# Bread Machine ??



## bonkerz58 (Dec 26, 2000)

I want to start baking breads more and I'm thinking about getting a bread machine?? I basically want it for the kneading cycle... Any suggestions on what brand to get???


----------



## kimmie (Mar 13, 2001)

Ditto for KitchenAid. A 5 qt. bowl accomodates 2 lbs. of dough easily, that is 6 to 7 cups of flour.



P.S.: If you *must* purchase a bread machine, use it for kneading, then remove the kneaded dough from the machine for some manual shaping and for baking in a conventional oven.

*Book titles*
The Bread Lover's Bread Machine Cookbook
The Pleasures of Whole Grain Breads
both by Beth Hensperger



[ July 09, 2001: Message edited by: Kimmie ]


----------



## kokopuffs (Aug 4, 2000)

Ditto ditto for Kitchen Aid. I have the 6 qt, 525 watt professional model that handles 2 pounds (6-9 cups) of dough effortlessly. It's also used for grinding meat and juicing citrus fruits. A real workhorse that I use more than I initially imagined. Yeah, a real helper when it comes to screwdrivers made with fresh squeezed oranges!

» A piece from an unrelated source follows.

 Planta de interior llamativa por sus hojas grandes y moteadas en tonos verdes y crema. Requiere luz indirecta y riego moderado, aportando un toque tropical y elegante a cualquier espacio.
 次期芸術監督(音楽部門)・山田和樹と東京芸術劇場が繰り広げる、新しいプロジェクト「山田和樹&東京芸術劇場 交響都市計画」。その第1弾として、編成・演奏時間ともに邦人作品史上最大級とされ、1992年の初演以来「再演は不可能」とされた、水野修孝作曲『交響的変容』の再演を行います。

If you, sadly, must get a bread machine, I believe that the brand Zojirushi has received the best reviews. 

[ July 09, 2001: Message edited by: kokopuffs ]


----------



## kimmie (Mar 13, 2001)

To continue Kokopuff's answer:

If you plan to make breads rich with whole grains and sticky starters, you must own a machine that has specific settings for them. The machines that outperform the rest at this writing (October 1999) are the Zojirushi (the "Zo"); Home Bakery BCC-15 and BBC-V20; Breadman TR800; Welbilt ABM7500; and Toastmaster Breadmaker's Hearth Breadmaker and Cook's Oven 1193. All have a strong kneading action and are able to work the stiffest doughs; many have a Dough Only setting for overnight starters.



[ July 09, 2001: Message edited by: Kimmie ]


----------



## papa (Oct 5, 2001)

Dear Friends:

I have been using the Kenwood Model KM 800 electric kitchen mixer for two years now. During the preceding eight year period, I owned and used the Kenwood 500. I have the three standard accessories (whisk, dough hook and K mixer)and we purchased additional accessories which have worked on both models. The latter include the juicer, blender, grain mill, and coffee grinder. 

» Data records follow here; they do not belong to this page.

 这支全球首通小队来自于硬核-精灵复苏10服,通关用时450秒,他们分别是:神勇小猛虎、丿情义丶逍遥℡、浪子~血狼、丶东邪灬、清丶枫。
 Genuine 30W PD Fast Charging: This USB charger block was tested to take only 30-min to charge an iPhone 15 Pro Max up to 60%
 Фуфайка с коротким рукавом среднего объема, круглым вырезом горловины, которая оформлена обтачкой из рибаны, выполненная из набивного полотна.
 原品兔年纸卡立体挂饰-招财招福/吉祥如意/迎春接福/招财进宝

This fantastic machine is the ever-dependable, sturdy workhorse in our kitchen and I have used it successfully without ever having a single problem with it. I grind my wheat and corn to make flour using the grain mill; I make meringues and souffles using the whisk for the egg whites; I create fruit smoothies using the blender; I grind fresh coffee beans and make my own flavor blend with the texture I desire using the coffee grinder; most of all I use it as a mixer for all of my baking. We bake fresh bread and breakfast cakes every single day at home. 

According to my friends who are the owners of my old Kenwood 500, the machine is still working great!


----------



## bonkerz58 (Dec 26, 2000)

Thanks for all the helpful replies...I believe I will stick with a mixer then...especially since I would really just want a bread machine for the kneading cycle..


----------



## daveb (May 1, 2001)

I had a bread machine that I selodm used. The loaves were small and inconveniently shaped and if you made French bread, all the bread machine did was the kneading.

You'd do better to put your money into a KithcenAid mixer with a dough hook. The 41/2 qt. model sells for about $200 most places and does a lot more than knead bread.


----------